In doing so, pharmacogenomics supports a more proactive model of care, where treatment decisions are informed by individual biological differences rather than adjusted only after harm or treatment failure occurs. This aligns closely with broader NHS ambitions around population health management, prevention, and making better use of data to guide clinical decision making across care settings.

At the same time, translating this potential into routine practice is not without challenge. Integrating CYP2C19 testing into existing stroke pathways will require careful consideration of service design, workforce readiness, digital integration, and sustainable funding models, particularly given current pressures on NHS capacity and budgets.

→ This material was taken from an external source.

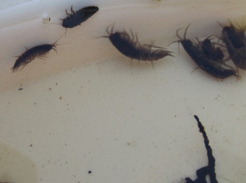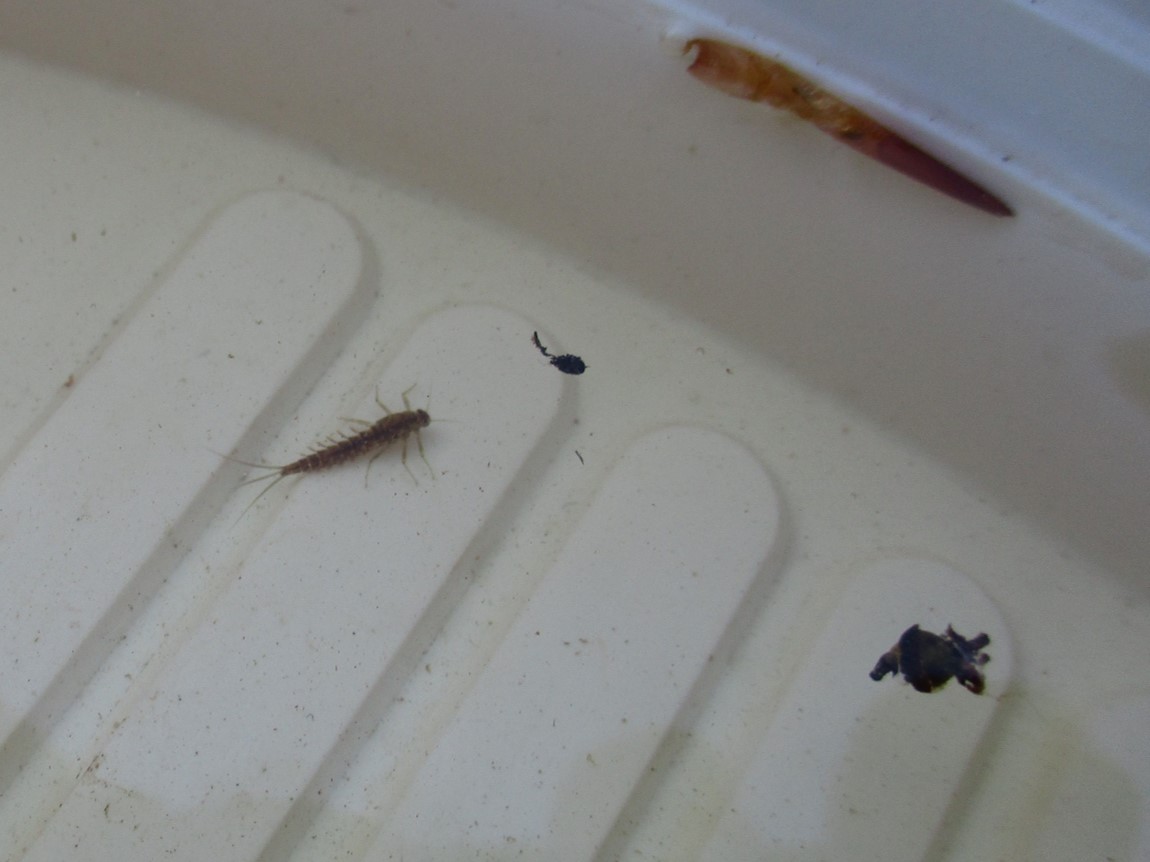 Neben den üblichen Verdächtigen findet sich hier eine ganz junge Larve der Großen Maifliege, Ephemera – nebendran eine Kriebelmückenlarve.
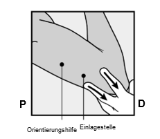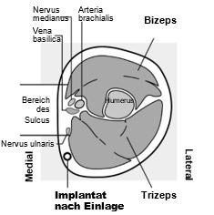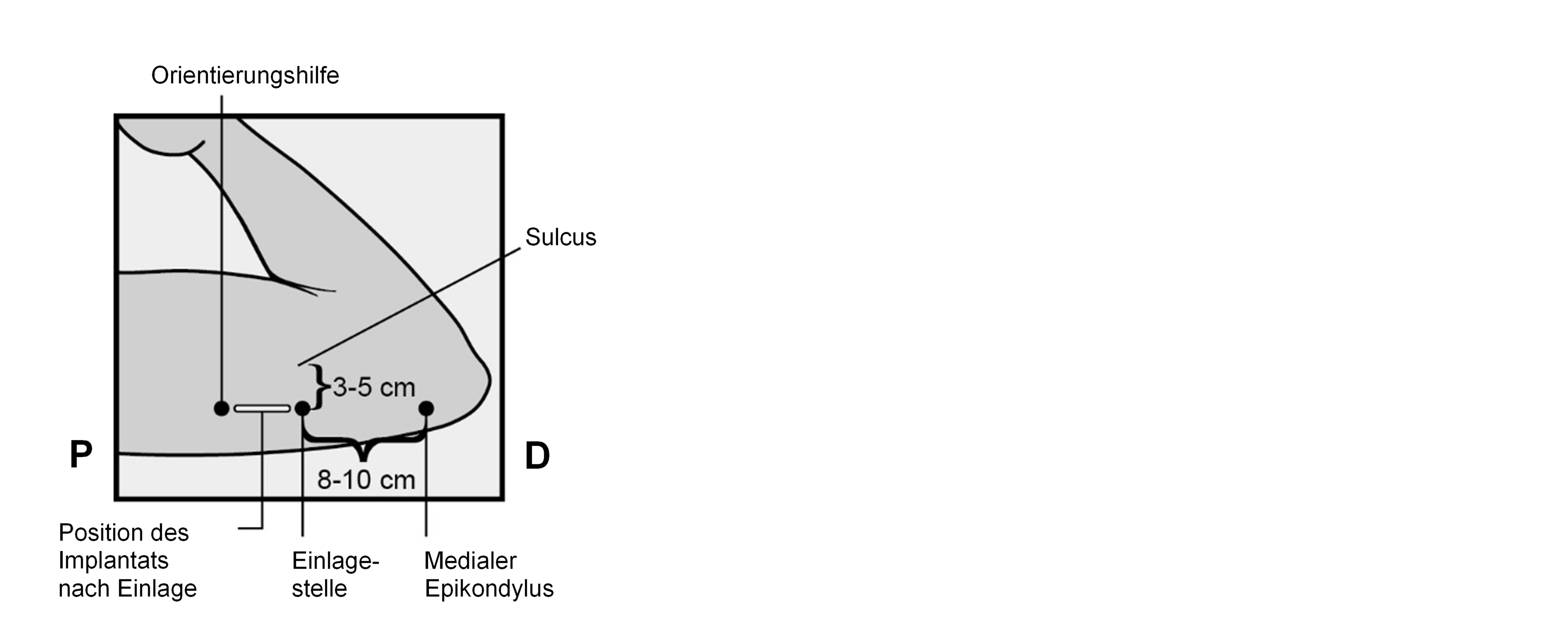 Das Implantat muss subkutan direkt unter die Haut an der Innenseite des weniger beanspruchten Oberarms eingelegt werden.

Against this backdrop, the CYP2C19 pilot represents more than a technical evaluation of a single test. It forms part of a wider conversation about how genomic information can be embedded into everyday clinical workflows, used across organisational boundaries, and applied over a patient’s lifetime to improve outcomes. The lessons emerging from this pilot will help inform how pharmacogenomics can support more efficient care pathways, strengthen links between primary and secondary care, and shape the future integration of genomic data into routine NHS practice.